With those honestly I'd be affraid of mine but I'm use to my old Rincon


----------



## 850PoPo (Oct 28, 2009)

Really you have to ride one to get the feel it's got a big ole motor and it's a very heavy machine I'm not use to a bike this large


----------



## 30backs (Feb 23, 2009)

dont really know how many feet that was i told him i would run as fast as far my sec spring would allow me to go . low end the brute feels way more responsive to me but the xp rides very well with the eps on it but with out the sld mod it c has a hard tim moving the big tires like a brute


----------



## 08GreenBrute (Jul 13, 2009)

ok id love to race an 850xp just to see on the 300' track. mine usually out runs mildly built 450's in the 300ft when i had stock tires anyway not sure with the 28's


----------



## Metal Man (Dec 17, 2008)

I posted a pretty good thread a while back with videos of me racing a new Popo 850 XP.

I had just got my VDI programmer but i did not have the HMF exhaust then. The Popo had exhaust and programmer.

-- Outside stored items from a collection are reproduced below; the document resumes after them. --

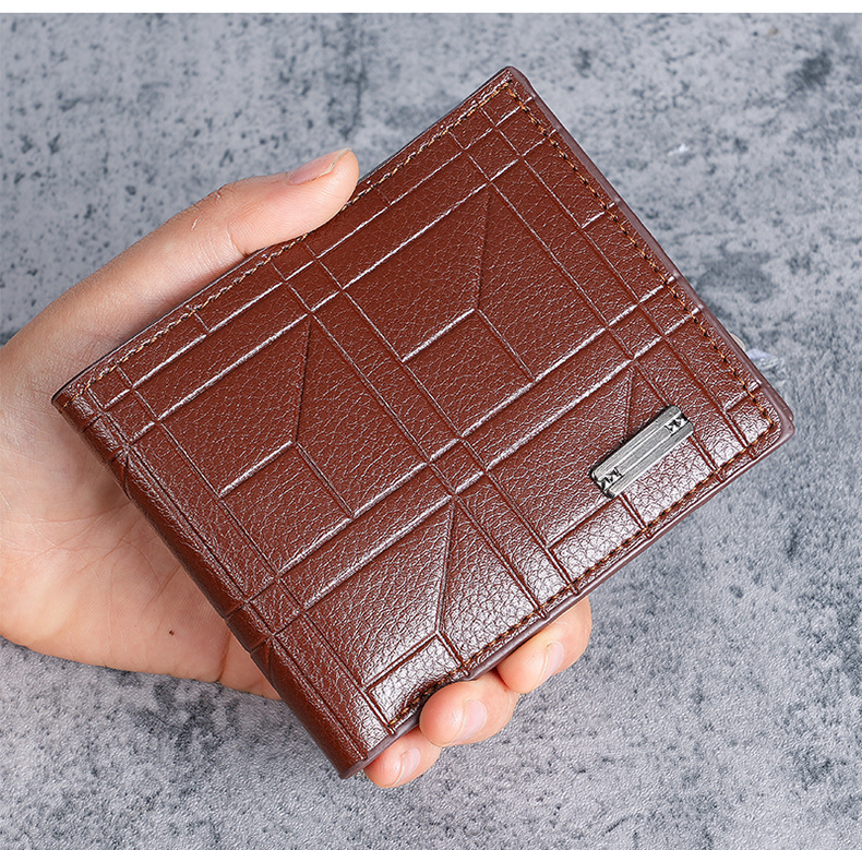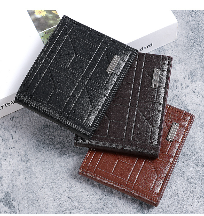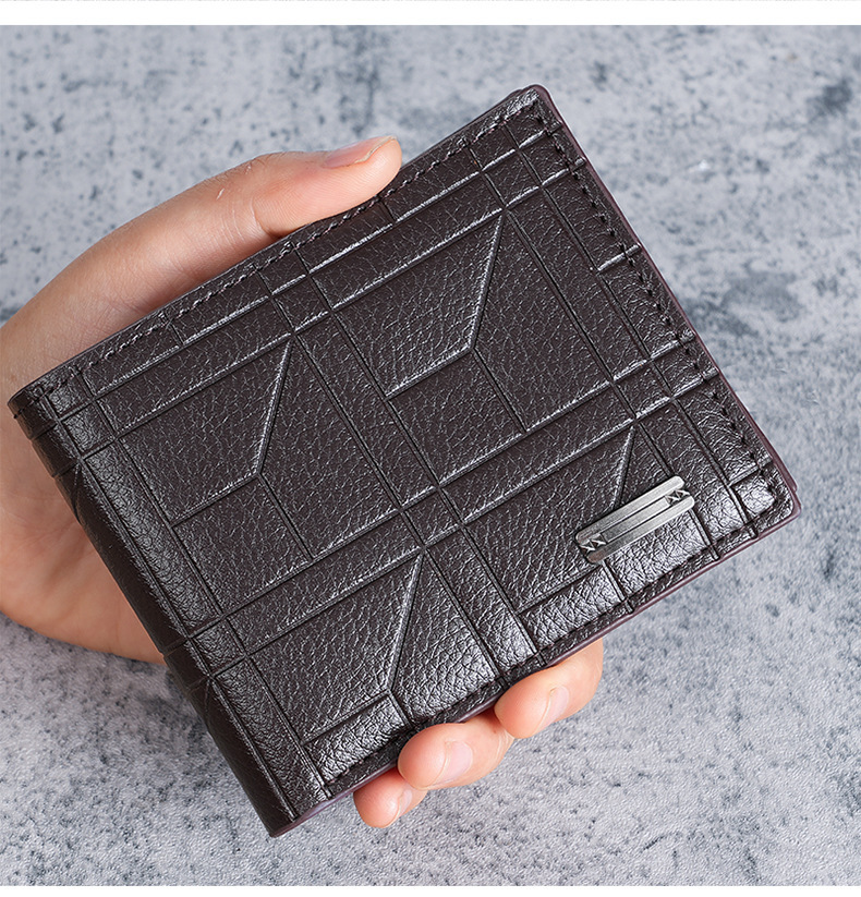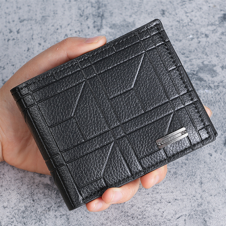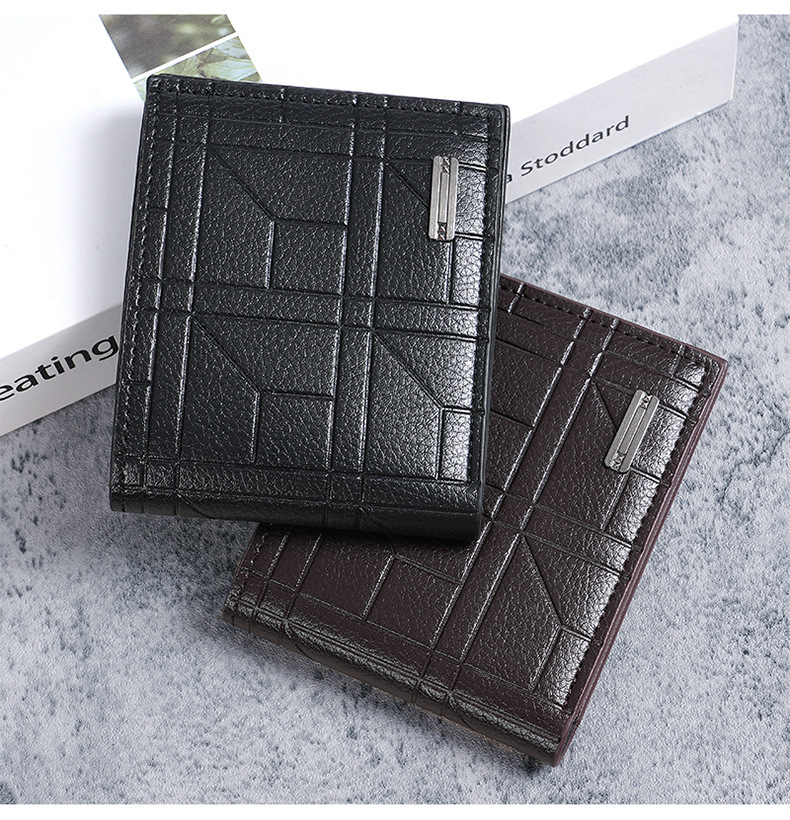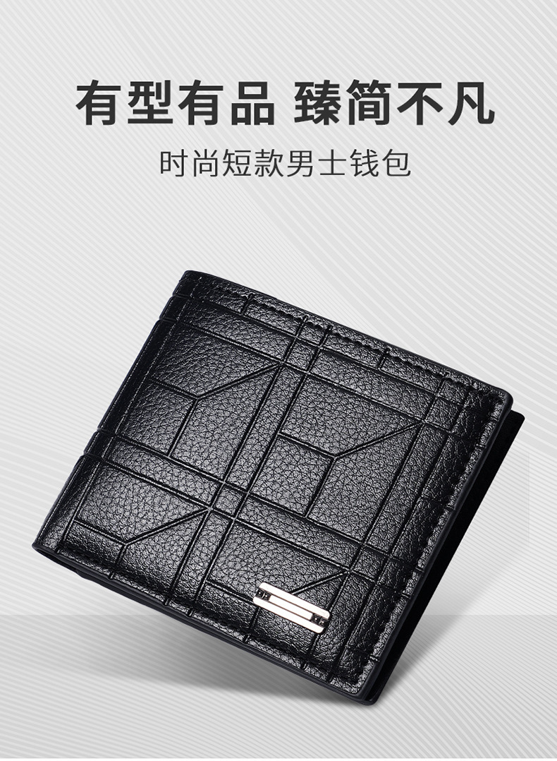새로운 남성 지갑 남자의 짧은 지갑 청소년 패션 격자 무늬 수평 소프트 지갑 대용량 멀티 카드 지갑
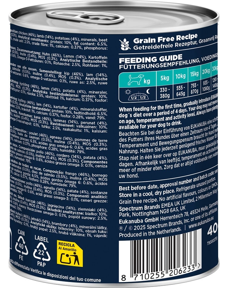 Összetevők: csirke (46%), bárányhús (14%), burgonya (4%), ásványi anyagok, cukorrépa pép (0.5%), lazacolaj (0.5%), inulin (0.4%), MOS (0.3%).
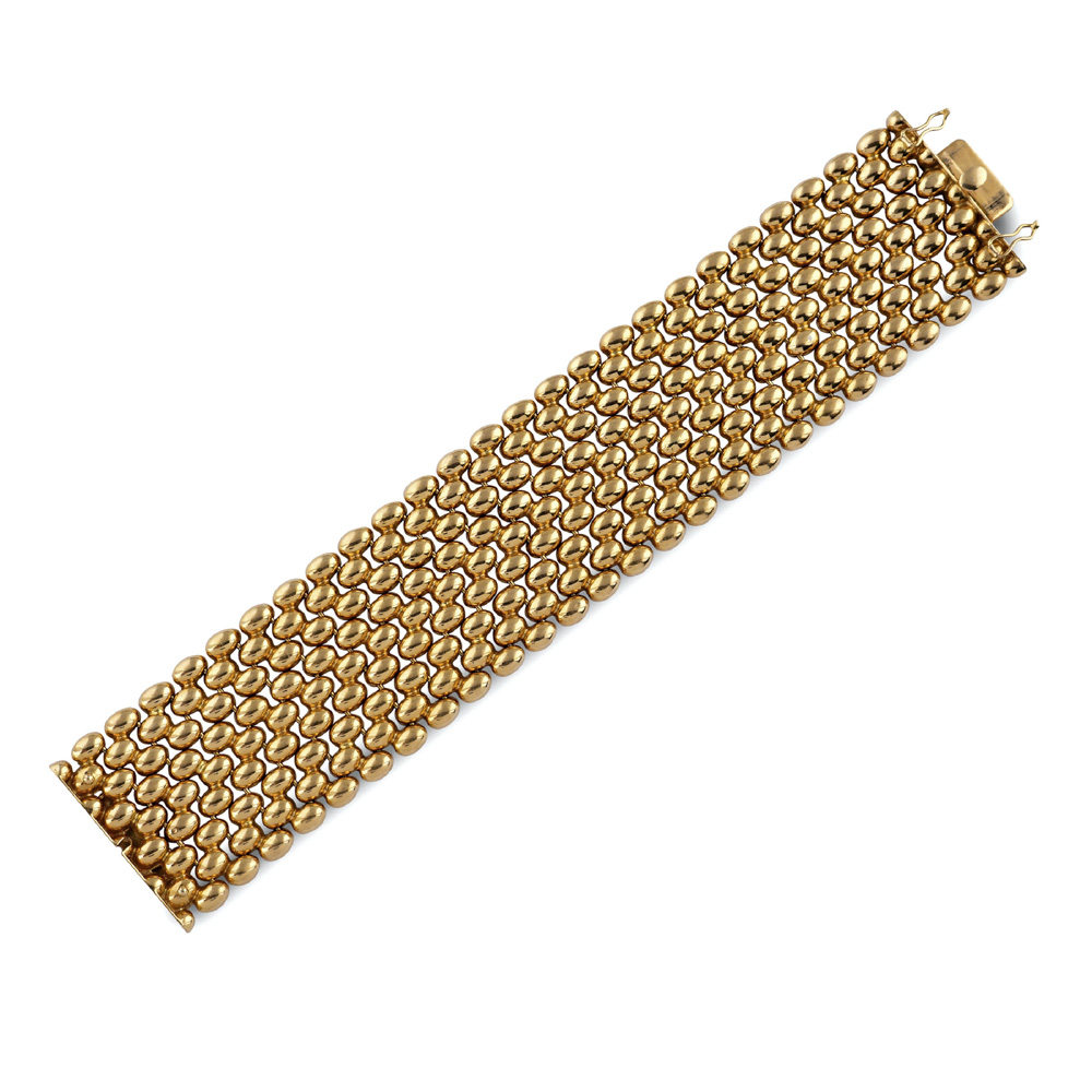 Lot 70 | Bracciale a fascia alta in oro giallo 18ktanni 40/50peso 74 gr.maglia a grana...
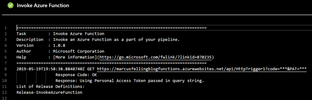 - Function Key can also be found in the portal under Functions – > Trigger Name -> Manage. I generated a new key and store it as a secret variable in my release definition.
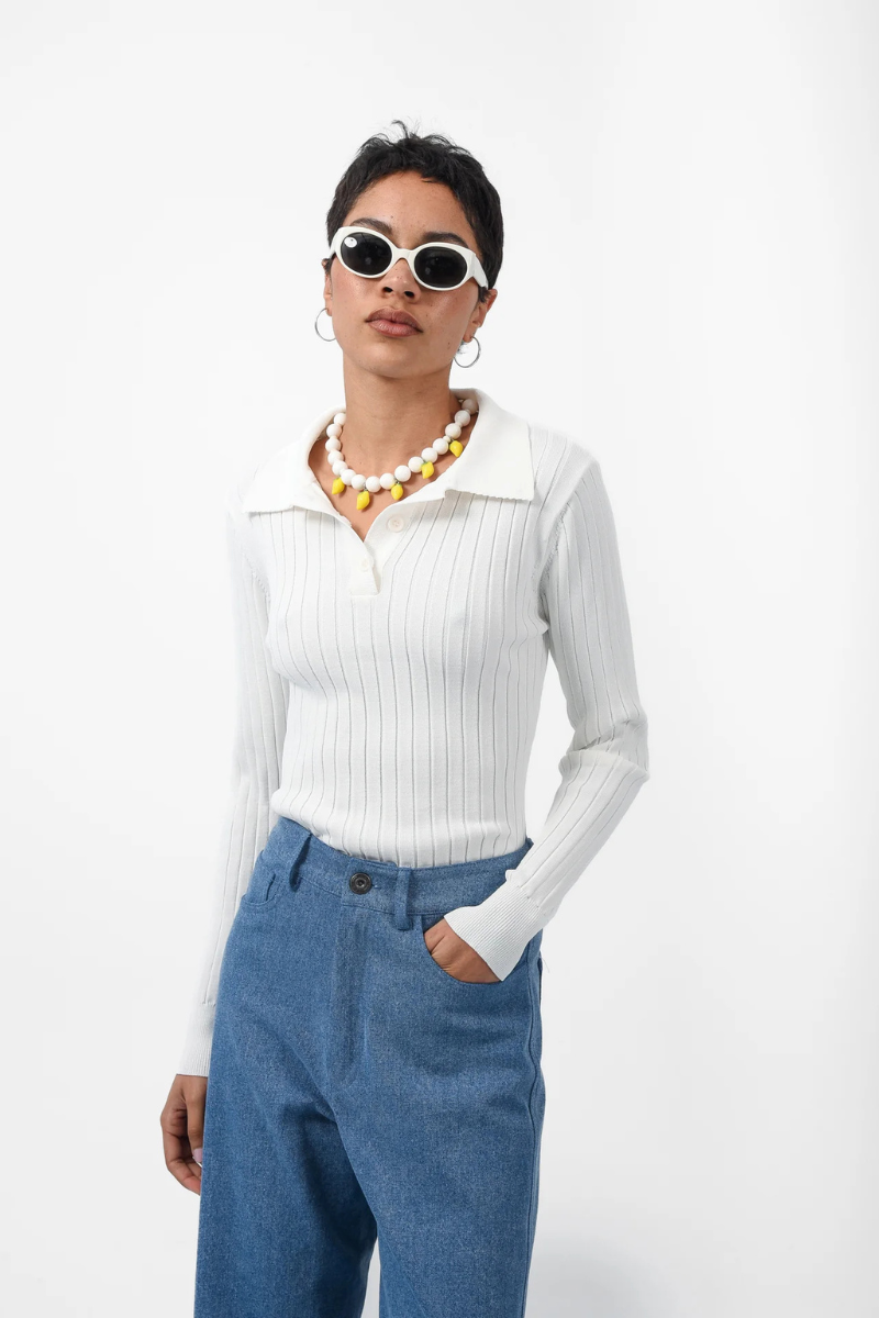 Ένα εφαρμοστό, πλεκτό πόλο με ριμπ ύφανση, κατασκευασμένο από απαλό, ελαστικό ύφασμα για μια κολακευτική, δομημένη σιλουέτα. Σχεδιασμένο με κλασικό γιακά πόλο, πατιλέτα με κουμπιά και μακριά μανίκια με ριμπ ύφανση στις μανσέτες και το στρίφωμα. Καθαρό και ευέλικτο, συνδυάζει εκλεπτυσμένη ραφή με καθημερινή άνεση για αβίαστο στυλ.
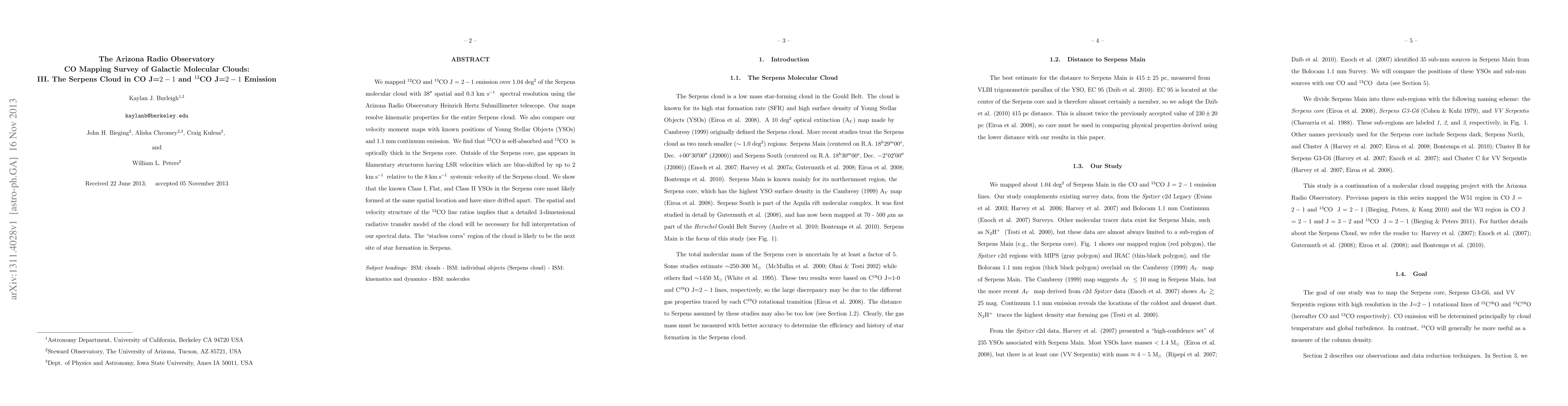 This study maps CO emission in the Serpens molecular cloud, revealing kinematic properties, self-absorption of 12CO, and optical thickening of 13CO in its core. The data suggests that star formation is likely to occur in the starless core region of the cloud.
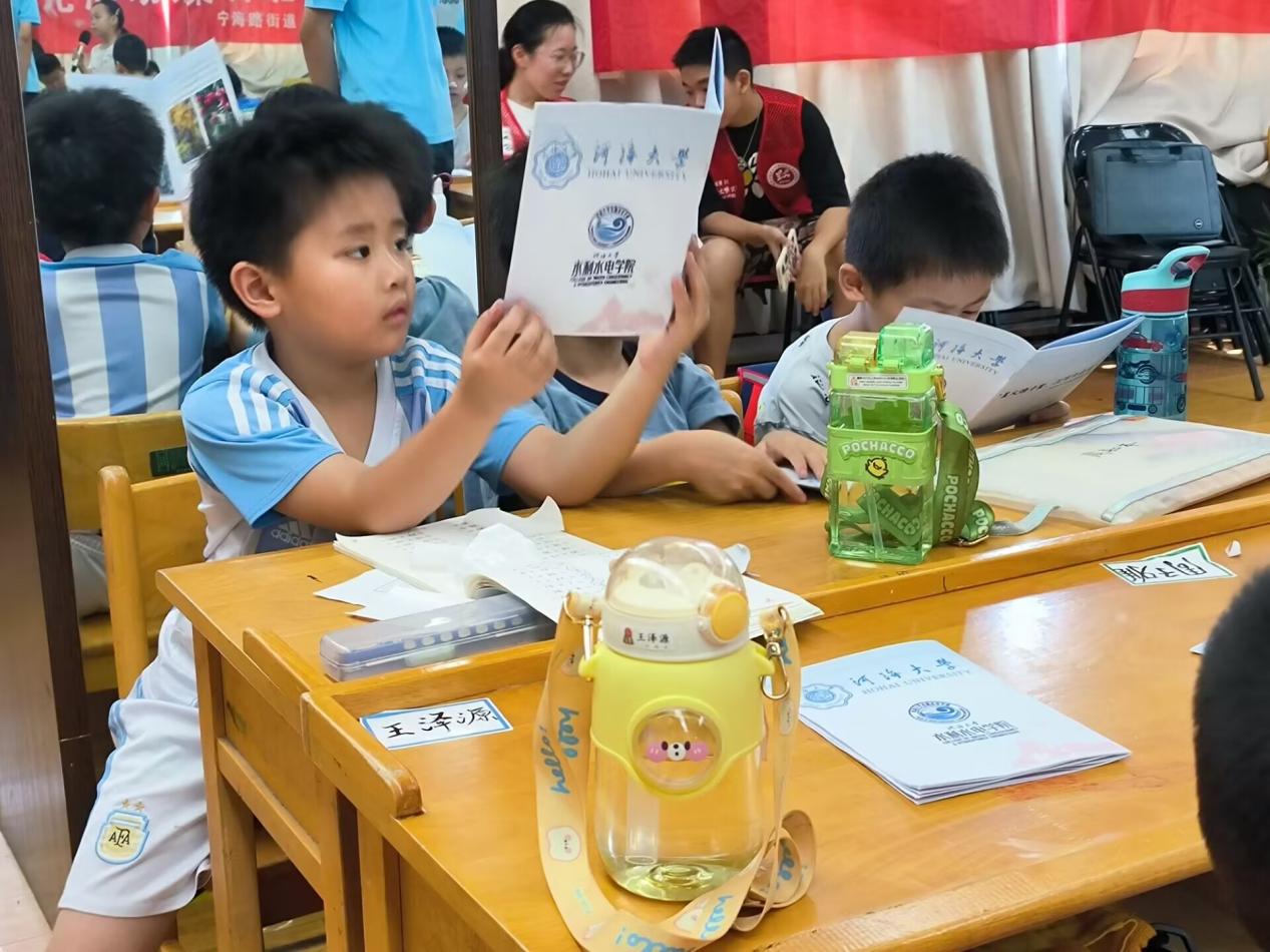 近日,水利水电学院“星火燎千里,江河泽众生”井冈山精神志愿实践宣讲团前往鼓楼区宁海路街道为民服务中心,开展暑假社会实践志愿宣讲活动。此次活动通过宣讲井冈山精神的形式向街道的小朋友们弘扬革命精神,并以小游戏的方式,帮助小朋友更好地了解井冈山时期的革命历程,培养爱国爱党的意识。
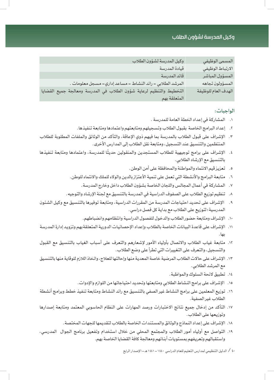 تعريف ي عي ن معلومات موثوقة وفق نموذج تنظيمي عما تتضمنه الوظيفة. السلام عليكم ورحمة الله وبركاته بالمرفقات تجدون المهام التنظيمية للجهات العاملة في المدرسة التوصيف الوظيفي للتشكيلات المدرسيه. شكرا لكم على المدونة المتميزة وأعتقد أن هناك خطأ في الدليل الإجرائي صفحة 30 جميع مهام وكيل الشؤون التعليمية مسندة إلى وكيل الشؤون المدرسية. 4 تجهيز جدول المواعيد المخصص بالملاحظة اليومية للاختبارات المدرسية.
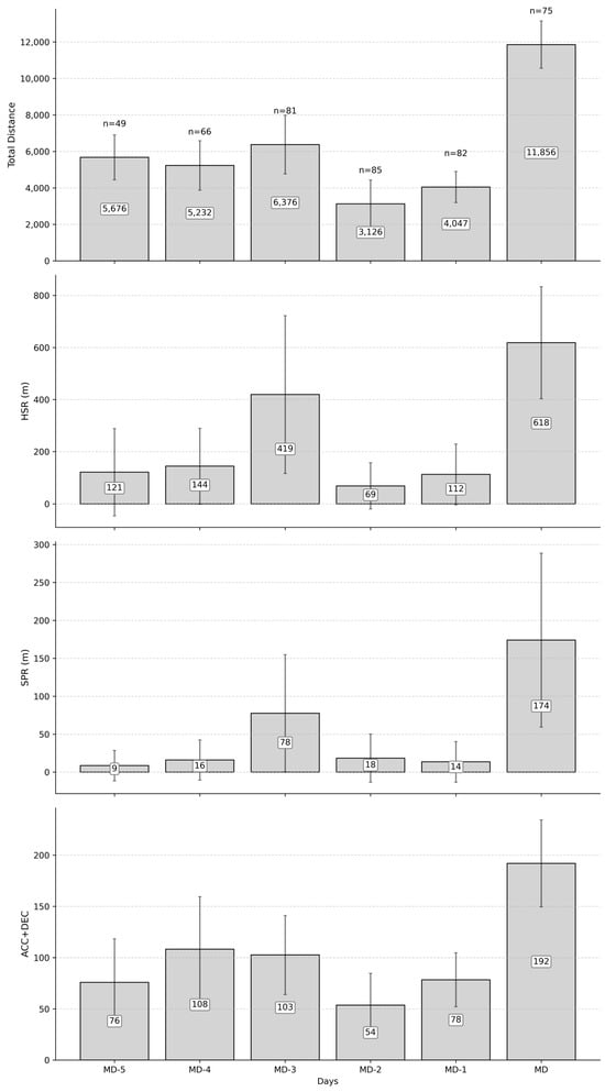 External load metrics faced by elite soccer players per day during the typical soccer microcycle of 2 consecutive seasons. This typical microcycle follows the tactical periodization principles, with the most observed type of training for MD-5, MD-4, MD-3, MD-1, and MD corresponding to aerobic (n = 37), strength (n = 38), endurance (n = 41), activation (n = 69), and match (n = 75) [24]. Only MD-2 varies across the season with different types of training (i.e., technical/tactical, speed, recovery). HSR, SPR, ACC + DEC stand for the distance covered between 19.8 and 25.2 km∙h−1, above 25.2 km∙h−1, and the sum of accelerations above 3 m∙s−2, and decelerations below 3 m∙s−2, respectively.

Those 850 xp's have plenty of power. Its just not as "instant!!" on take off as the brutes are. in a way thats a good thing. Much easer to control if you punch it WOT from a stop....but it not near as fun :bigok:

Heres the link if you want to see the videos. http://www.mudinmyblood.net/forum/showthread.php?t=1826


----------



## 850PoPo (Oct 28, 2009)

I've been told with the heel clicker you can get that snap that your speaking of out of the xp. Only thing i'd be worry with is would the belt hold up to it cause the 850 has the same belt as the 550 and I've heard those shreed belts with the epi clutch kit


----------



## 650Brute (Dec 18, 2008)

I saw a certain 850 Pull a wheelie at 20+ mph, haven't rode one myself. Nice Bike tho, for sure.


----------



## 850PoPo (Oct 28, 2009)

Well you didn't ask you are more than welcome to ride it anytime.


----------



## 88rxn/a (Mar 2, 2009)

i have always disliked polaris up until the XP. i know have respect for the sportsman.


----------